Architecture diagram titled 'Primary federated learning challenges' shows four rectangular sections arranged horizontally, each describing a key challenge and corresponding solutions. The first section, in blue, is labeled 'Data heterogeneity (non-IID data)' with text stating 'Client data varies in quality and distribution, making it difficult for the global model to perform equally across users' and a subheading 'Solutions' followed by 'Data harmonization, personalized federated learning, meta-learning.' The second section, in orange, is labeled 'System heterogeneity' with text stating 'Clients differ in hardware, memory, and network conditions, causing uneven training performance' and a subheading 'Solutions' followed by 'Adaptive scheduling and resource-aware aggregation.' The third section, in teal, is labeled 'Communication overhead' with text stating 'Frequent model updates across clients create heavy network traffic and delay' and a subheading 'Solutions' followed by 'Compression, selective updates, asynchronous aggregation.' The fourth section, in purple, is labeled 'Security & trust threats' with text stating 'Attackers can exploit shared updates to inject malicious data or infer private information' and a subheading 'Solutions' followed by 'Robust aggregation, secure multiparty computation, differential privacy.' A note beneath the four sections reads 'These challenges reflect the distributed nature of federated learning and ongoing research to improve reliability, efficiency, and security.'

Federated learning has clear privacy benefits, but it also introduces new technical and operational challenges. These challenges come from how distributed the system is and how much it depends on consistent communication, performance, and trust.

Data heterogeneity (non-IID data)

Each participant's data looks different. Some have large, clean datasets. Others have small, inconsistent, or biased ones. That difference—called non-independent and identically distributed (non-IID) data—makes it harder for a single global model to perform equally well across all users.

Here's why.

When data distributions differ, local model updates may conflict. That slows convergence and reduces overall accuracy.

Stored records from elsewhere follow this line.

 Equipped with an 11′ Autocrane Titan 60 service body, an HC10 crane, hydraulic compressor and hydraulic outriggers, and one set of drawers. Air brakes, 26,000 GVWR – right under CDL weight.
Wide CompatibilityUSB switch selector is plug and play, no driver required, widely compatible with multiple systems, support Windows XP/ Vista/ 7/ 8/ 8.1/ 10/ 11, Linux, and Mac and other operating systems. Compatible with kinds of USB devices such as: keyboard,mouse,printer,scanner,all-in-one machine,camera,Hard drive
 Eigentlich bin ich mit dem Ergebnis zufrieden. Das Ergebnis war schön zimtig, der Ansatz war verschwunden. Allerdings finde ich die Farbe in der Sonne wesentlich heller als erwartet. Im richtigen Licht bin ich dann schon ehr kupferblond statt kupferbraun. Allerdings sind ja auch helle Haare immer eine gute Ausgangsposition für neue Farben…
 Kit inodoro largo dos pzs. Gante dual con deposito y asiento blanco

Researchers are exploring data harmonization, personalized federated learning, and meta-learning to make models adapt better to each client's unique data.

Note:
Non-IID data can also lead to fairness gaps, where models perform better for dominant data sources and worse for underrepresented ones. Weighted aggregation and client clustering are emerging as potential ways to reduce these disparities.

System heterogeneity

Devices in a federated network don't all look the same. Some are high-end servers. Others are low-power edge devices or mobile phones. Which means training speeds, memory, and network conditions vary.

This variation leads to inconsistent participation and dropped connections during training. Adaptive scheduling and resource-aware aggregation techniques now help balance workload and keep models learning efficiently across different environments.

Communication overhead

Federated learning depends on repeated message exchanges between clients and the server. Each training round involves sending and receiving model updates. At scale, that's a lot of network traffic.

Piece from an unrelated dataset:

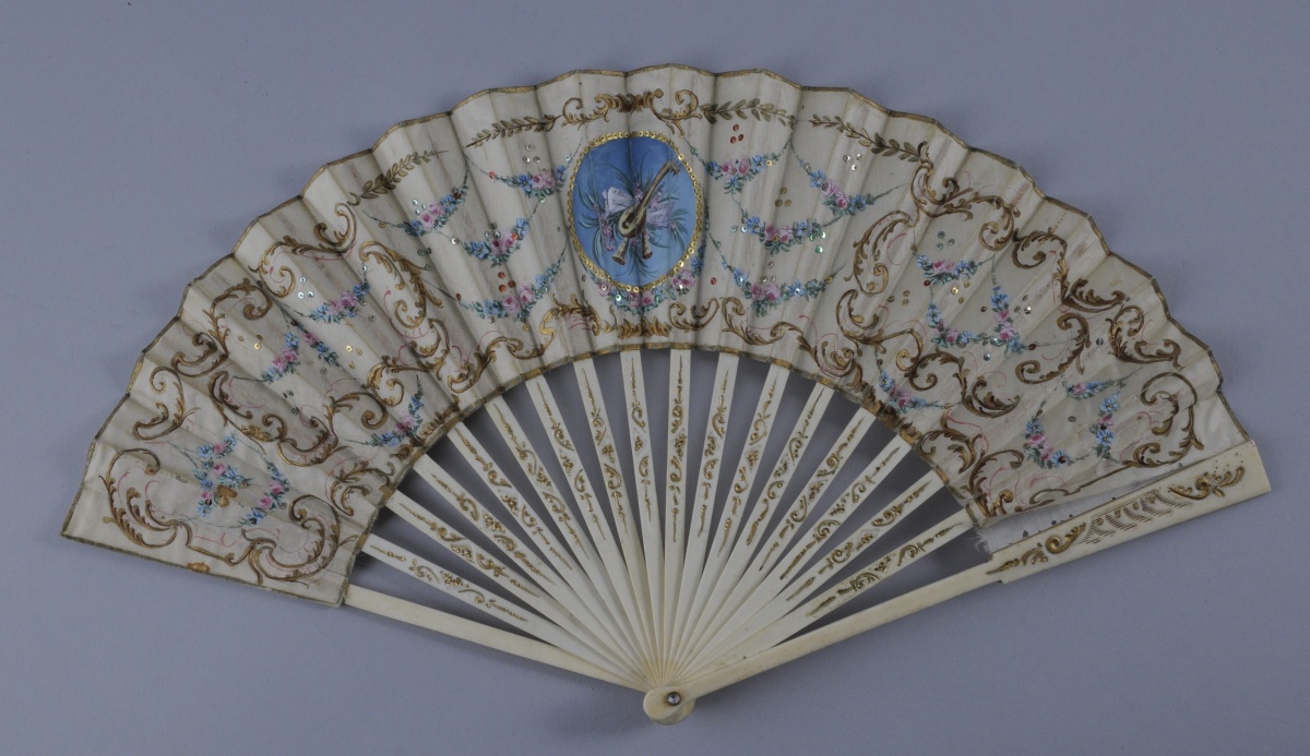 ÉVENTAIL plié. La feuille en soie peinte polychrome et or et brodée de sequins or. Décor dans un médaillon ovale d'un trophée d'instruments de musique dans un entourage de guirlandes de fleurs et de rinceaux. Monture en os ornée de rinceaux or. Le panache orné de deux pierres banches. XIXème. Haut. 22, Larg. 40 cm. (usures)
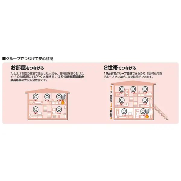 ■無線連動だからひとつが鳴れば家中に火災をお知らせ

Compression, selective update sharing, and asynchronous aggregation methods are reducing the bandwidth burden. But communication efficiency remains a central focus of ongoing research.

Note:
In real-world deployments, communication costs often exceed computation costs. Engineers frequently adjust synchronization frequency—trading accuracy for network efficiency—to make large-scale training feasible.

Security and trust threats

Even though raw data stays local, federated systems can still be attacked through shared model updates. Malicious clients can inject poisoned data, alter gradients, or exploit patterns to infer private information.

Robust aggregation, secure multiparty computation, and differential privacy help defend against these risks. However, attacks like Byzantine faults and model inversion continue to challenge how securely federated systems can scale.

These security implications—and how they shape AI risk management more broadly—are explored later in this article.

 

Where is federated learning used today?

Infographic titled 'Federated learning across industries' contains four rectangular sections arranged in a two-by-two grid, each representing a different industry use case with text and illustrations. The top left section, labeled 'Healthcare', describes hospitals and research networks training diagnostic models on patient data that remains on local servers, accompanied by an illustration of a doctor operating an MRI machine with a patient lying inside. The top right section, labeled 'Smart devices', explains how applications like Google's Gboard and Apple's Siri use on-device personalization where each device learns from its user and contributes updates without sharing raw data; it is illustrated with a laptop, tablet, and smartphone displaying similar interfaces. The bottom left section, labeled 'Finance', describes banks and insurers improving fraud detection and credit risk models while maintaining data confidentiality, shown with an illustration of a bank building, coins, bills, and an upward-trending graph. The bottom right section, labeled 'Edge computing & IoT', states that distributed sensors, vehicles, and industrial systems support real-time optimization for sectors such as energy, manufacturing, and telecommunications, accompanied by an illustration of connected industrial tanks with a wireless signal above them.

Federated learning is no longer experimental. It's now part of how organizations handle sensitive data while still training effective AI models. The technology supports sectors where privacy, regulation, and distributed data make traditional centralized training impractical.

Healthcare

Hospitals and research networks use federated learning to train diagnostic models on patient data that never leaves their servers. That means predicting diseases, improving imaging analysis, or identifying treatment patterns without sharing confidential records.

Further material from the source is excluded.